# Taking a trip for thanksgiving to Port St Joe



## jldriver (Feb 11, 2013)

Do a quick search as I've given some general info on this area a few times...I don't fish the winter down there, but Half Hitch and Bluewater Outriggers are both in downtown PSJ and will be great resources for you...spend some time and money in each and get some tips from the locals...they're usually very helpful. 

Also, the St Joe Bay is a great fishery, but it can get rough at times for the Gheenoes...consider a trailer to the Tyndall AFB launch past Mexico Beach on a windy day for some more protected water...take the Gheenoes for sure...Mitzi if you're adventurous with it in unknown skinny water...otherwise, leave it at home at least for the first trip.

Good luck!!


----------



## jldriver (Feb 11, 2013)

Also, if you ever plan on returning to the area, I believe this is money well spent...both for the fishing spots and times of year to fish them and also for the soundings...the bottom-end of the bay is skinny water and regularly leaves people high and dry...

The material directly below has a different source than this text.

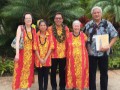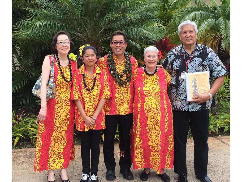 Ke Kula Mele Hawaii represent. From left: Noriko Tomita (Japan), Alexis Tolentino, Alan Akaka, Gale Warshawsky, and Addison Ching. Photo by Alan Akaka.

http://www.amazon.com/gp/product/B001447IDS/ref=oh_details_o04_s00_i00?ie=UTF8&psc=1


----------



## BayStYat (Sep 12, 2012)

Thanks for all the help


----------



## joey_sostheim (Oct 5, 2009)

Go to crooked island sound The launch is on Resarch Road off of hwy 98 west of mexico beach completly protected and great fishing.


----------



## BayStYat (Sep 12, 2012)

Great thanks


----------